The electricity generated by power stations is transmitted through high-voltage transmission lines throughout the country. These lines make up a network known as the National Grid, consisting of more than 12,000 km of high-voltage transmission lines and more than 170 substations. The transmission network is carried by the big pylons and lines you may have seen throughout the countryside.

Some large industrial users of electricity receive their power directly from the national grid, but most consumers receive power via regional distribution companies.

Most of the grid operates on the high voltage alternating current (HVAC) system, but there is also a high voltage direct current or HVDC link between the North Island and the South Island, which includes the Cook Strait cable. Voltages are typically 110 to 220 kV before being reduced (stepped down) at local substations to levels that make it suitable for distribution to commercial and residential areas. 


Supplementing the major 110 or 220 kV transmission lines are sub-transmission lines and cables, operating at lower voltages such as 33 kV, 50 kV and 66 kV. These sub-transmission lines supply provincial towns and cities with electricity from the 220 kV grid, and also connect smaller power stations to the grid.

The national grid is owned, operated, maintained and developed by Transpower, a state-owned enterprise.

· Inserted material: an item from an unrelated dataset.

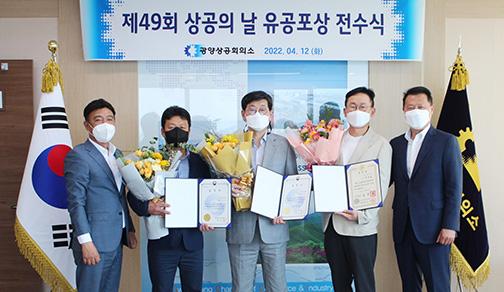 광양상공회의소는 ‘제49회 상공의 날 유공포상 전수식’을 지난 12일 개최하여 회원사 sk e&s(주) 국길호 상무에게 ‘국무총리 표창’을 (주)금풍공업 서정현 사장과 중앙이엠씨(주) 김운천 대리에게 ‘산업통상자원부장관 표창’을 전수했다.
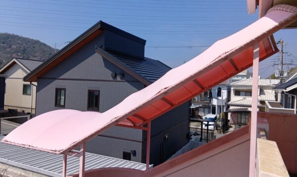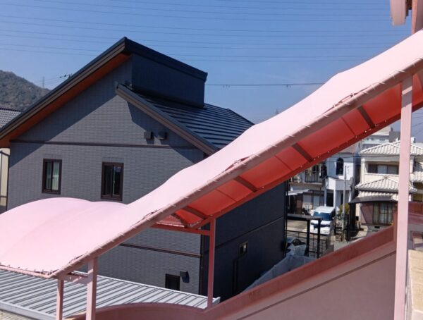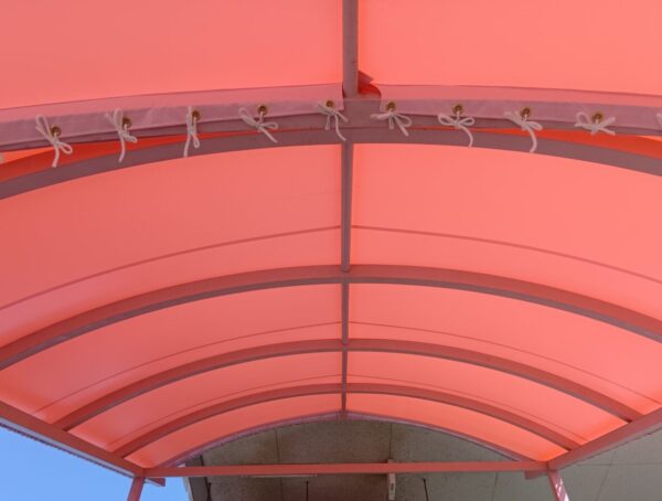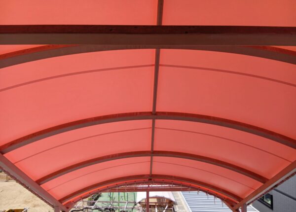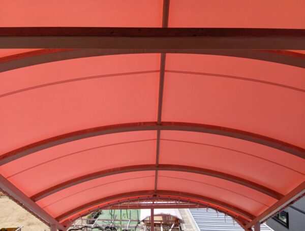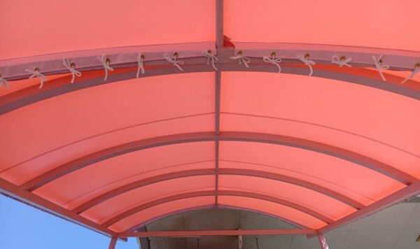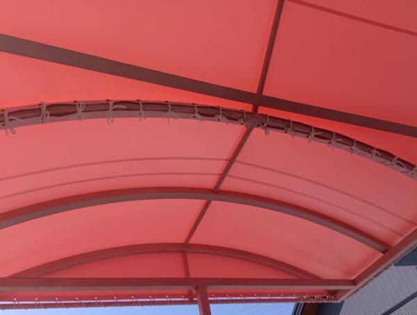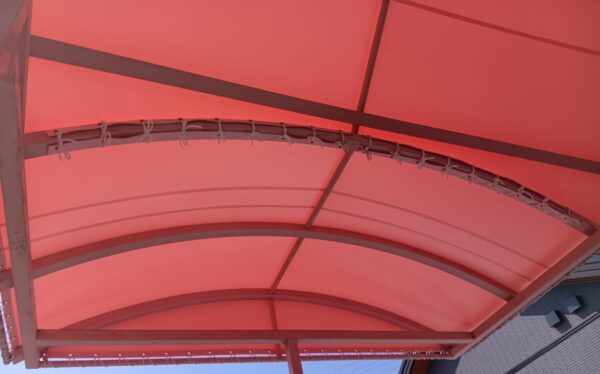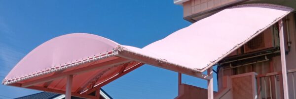 階段テント張替工事をさせていただきました。生地:テイジン ニューパスティ 8896FP ベビーピンク

Most of New Zealand's electricity is generated from renewable energy sources (like hydro and wind). These energy sources are located in remote areas, a long way from where most of the population lives. The national grid is important in transporting electricity to where it is required.

Distribution

Power is transformed into lower voltages (25,000 volts or less) at substations and transported by distribution companies to homes and businesses. Before entering your home or business, the voltage is further reduced to 240/120 volts making it safe for typical residential and commercial use. Power is typically delivered to homes and businesses through overhead powerlines or underground cables.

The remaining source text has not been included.